Он отошел на несколько шагов от своих и стал присматриваться к небольшой кучке отпускников. Один – шотландец в форме английского линейного полка – был еще в полном походном снаряжении. Он стоял опершись на ружье и разговаривал с двумя другими пехотинцами, которые уже скинули с плеч ранцы и уселись на них. Один из пехотинцев, капрал в грязной овчинной куртке, непозволительно обросший и лохматый, мирно раскуривал трубку.
– Нет, видали вы такое? – рассказывал шотландец, – Приехал я домой, а мне говорят – идем к священнику чай пить, а потом речь скажи – будет благотворительный базар в пользу воинов!
– Вон как, – промолвил капрал, попыхивая трубкой. – Ну, и ты им толковал про поганых гуннов? А не сказал, что, мол, нам на фронте требуется побольше ванных с белым кафелем да девчонок, а вязаных шарфов да гранат с нас хватит?

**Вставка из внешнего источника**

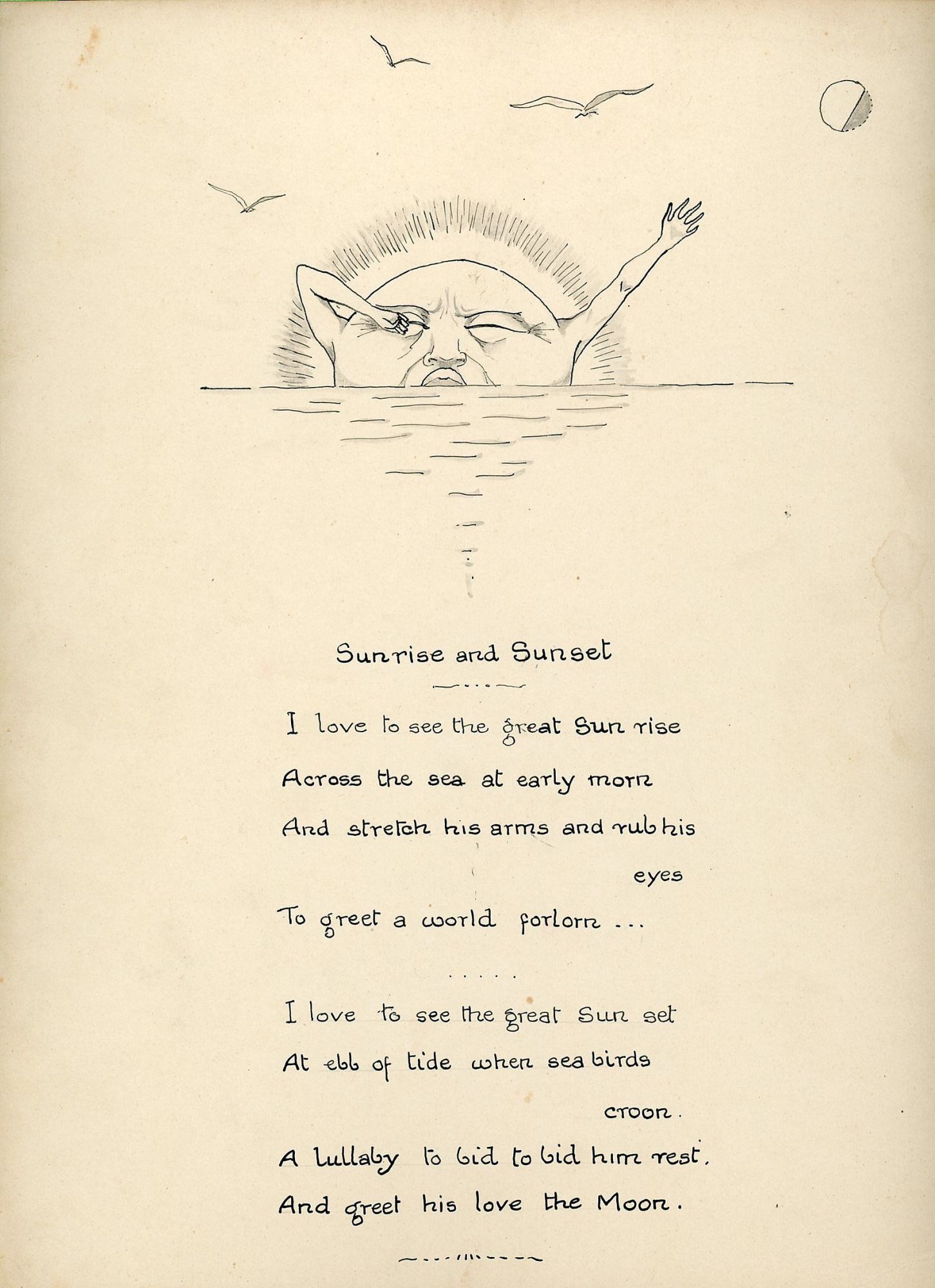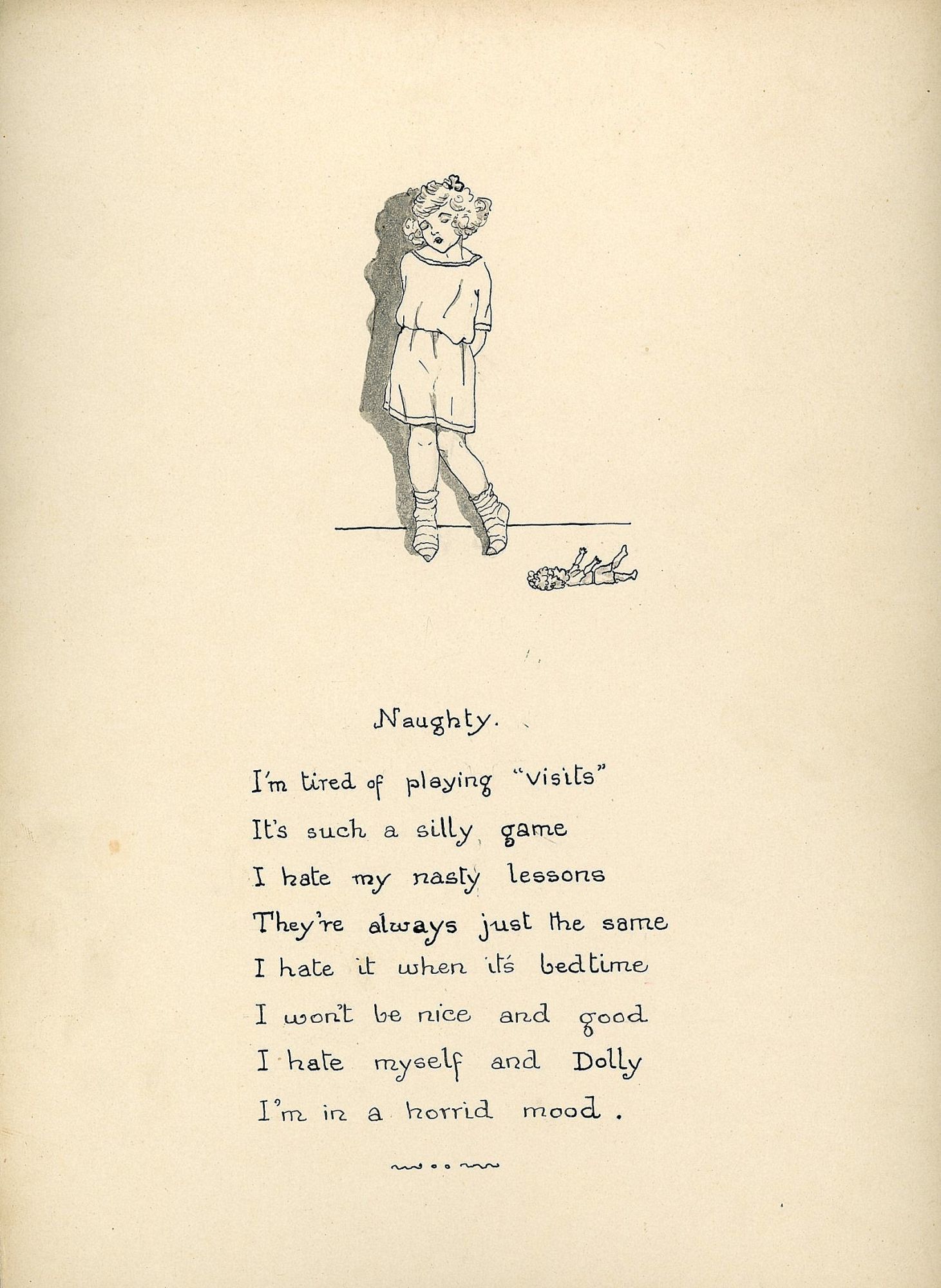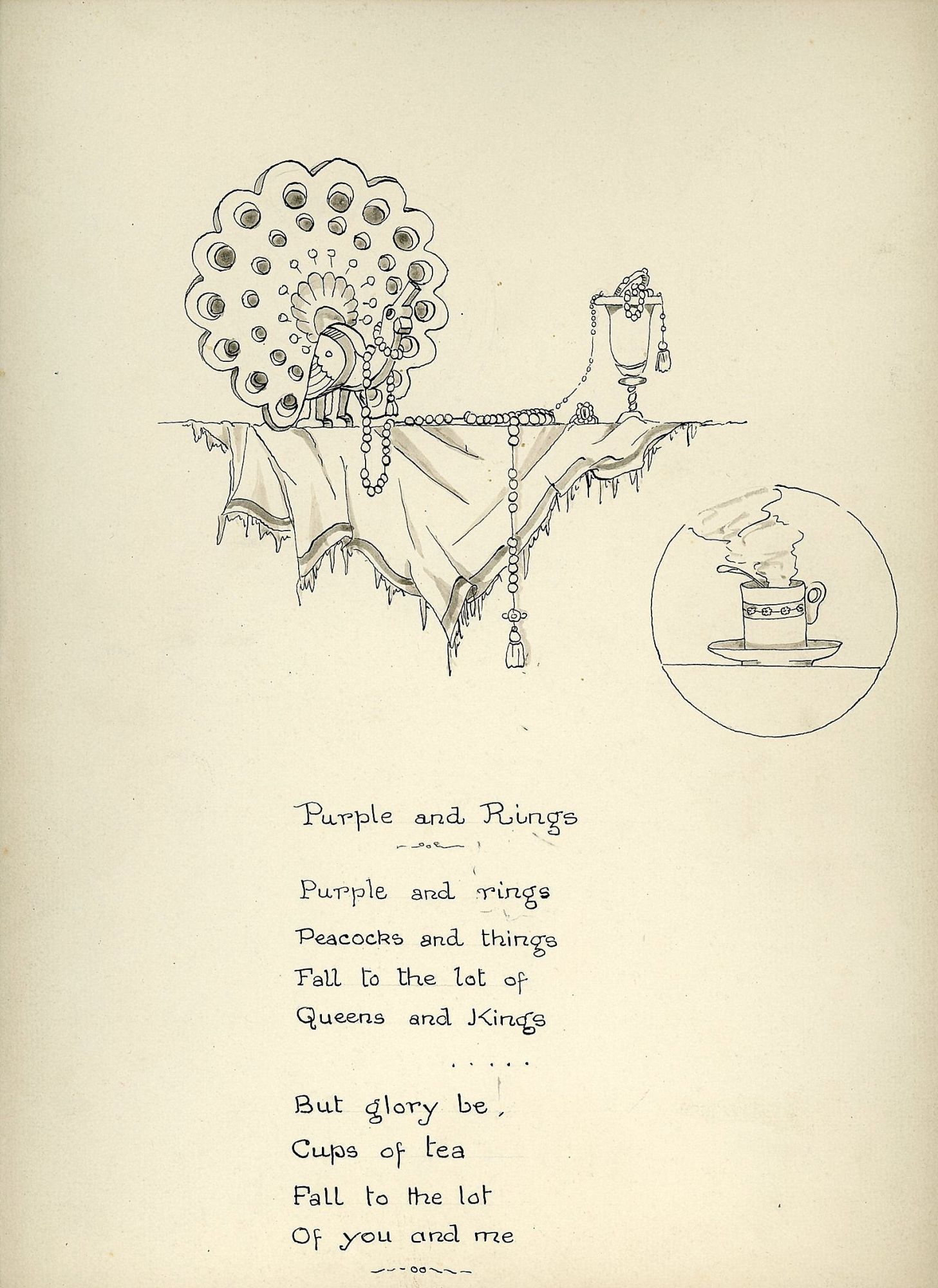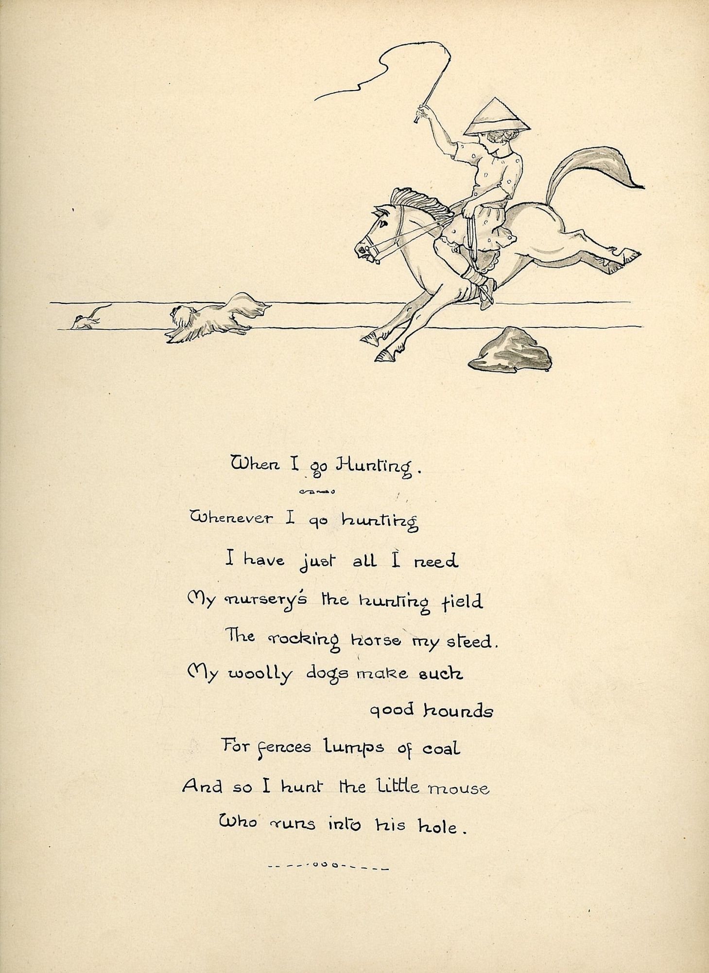 1930. Light surface soiling on margins.. Ten (10) original hand penned verses, each with charming relevant drawings. All are on a single 12" x 9" art board except for the tale of A Mouse and a Beetle and a sweet baby Sausage who lived together. This particular tale, written in five verses has a sad ending--something to do with ending up in the soup. The other verses are titled Finger Prints, Sunrise and Sunset, Naughty, My Sisters, When I go Hunting, Purple and Rings, There was an old woman, The Walk and A Sad Story.

– Нет, я только сказал: подай-ка мне вон ту бутылку виски, жена, да придержи язык.
– Ты какой дивизии, приятель? – спросил второй пехотинец.
– Тридцать третьей. Мы недурно провели лето на Сомме, а теперь зимуем на веселеньком курорте Ипр.
– А мы – сорок первой. Стоим по левую руку от вас, в Сальяне. Нас туда месяц назад перебросили из Балликорта.
– Чудное местечко Балликорт, век бы его не видать…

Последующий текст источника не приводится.